Experiencing an acute flare-up of symptoms generally involving a change in the person’s manner, breathing, pulse rate, and thought patterns acompanied with an increase in sensitivity of senses. This causes a person to seem more primal and animalistic. Also see “Vamping out”, below

Source: LadySlinky, from Sanguinarius’ message boards

sometimes twoofs, combined with bad blood-thirst, can be really harsh, i’m not talking about that here, and have no intention of comparing the need us donors feel to the intensity of the need which our vampires face.

but it is something which comes up again and again in discussions amongst donors. sometimes we call it an addiction. other times a need. some of us describe an almost permanent desire, for some it varies. sometimes it gets triggered, just like a vamp’s twoof gets triggered.

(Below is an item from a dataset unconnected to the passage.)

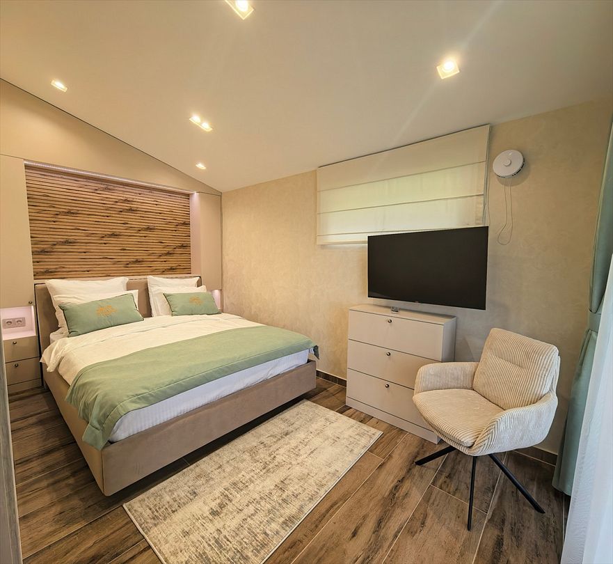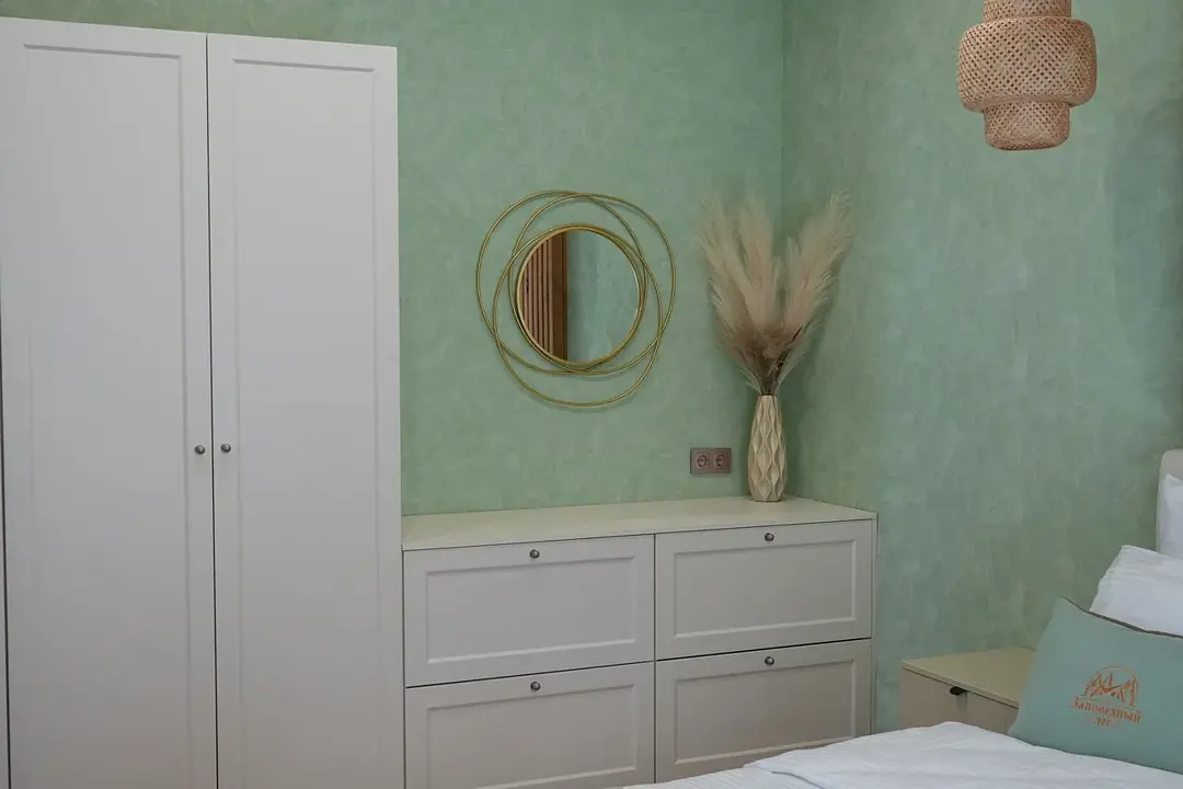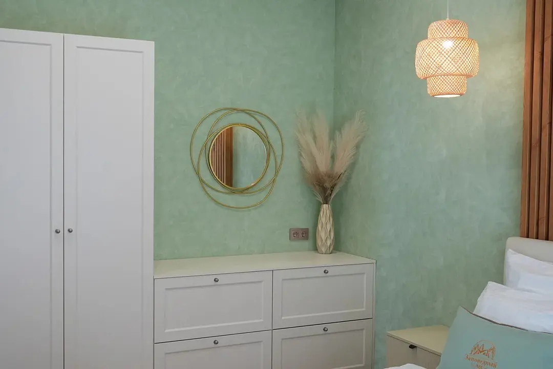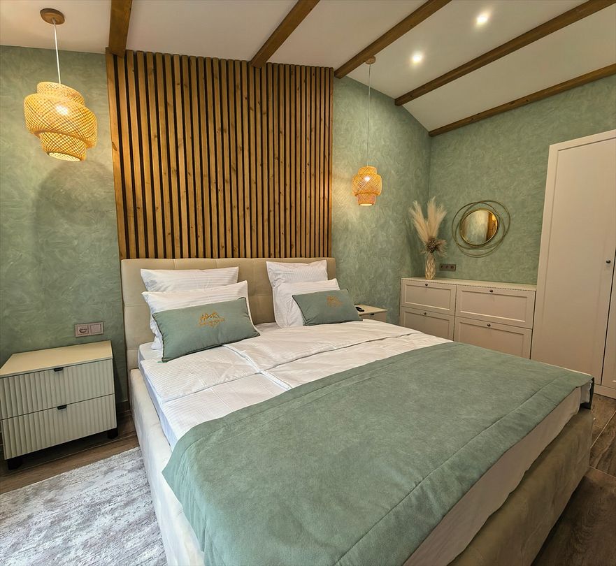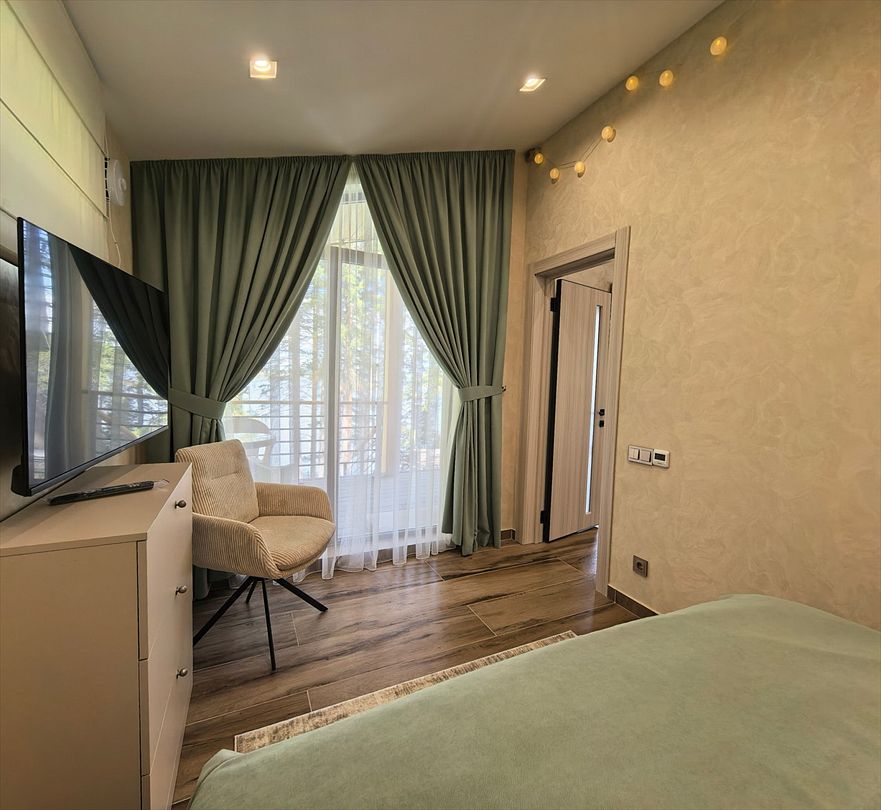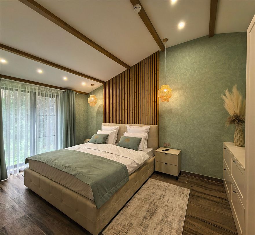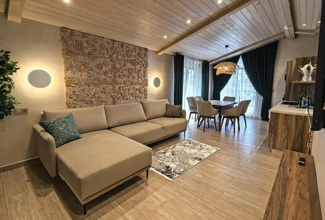 Просторный и уютный номер площадью 70 кв. м с собственной сауной, идеально подходит для отдыха в кругу семьи или друзей.

today, i’m getting that. i keep getting flashes of of blades cutting my skin, lips on the wounds as my blood wells up, teeth digging into my skin, my blood being drank. i want it so incredibly badly today. it is not just incredibly distracting. it is almost painful. i have not gotten anything done today, nothing at all.

it’s quite clear what’s triggered this too. part of it was chatting with a vampire who makes me want to feed them. the other part was reading “fledgling” by Octavia E. Butler. i was already feeling this “donor twoofyness”, and the vampire (yes, it’s a vampire novel) in there was actually making me whimper with desire. and yes, of course real vampires feeding from one doesn’t feel like it does in fiction. but there were some parts in there which were way too close to reality.

and this is just dandy. as if this weren’t bad enough, i just got triggered into shifting. great.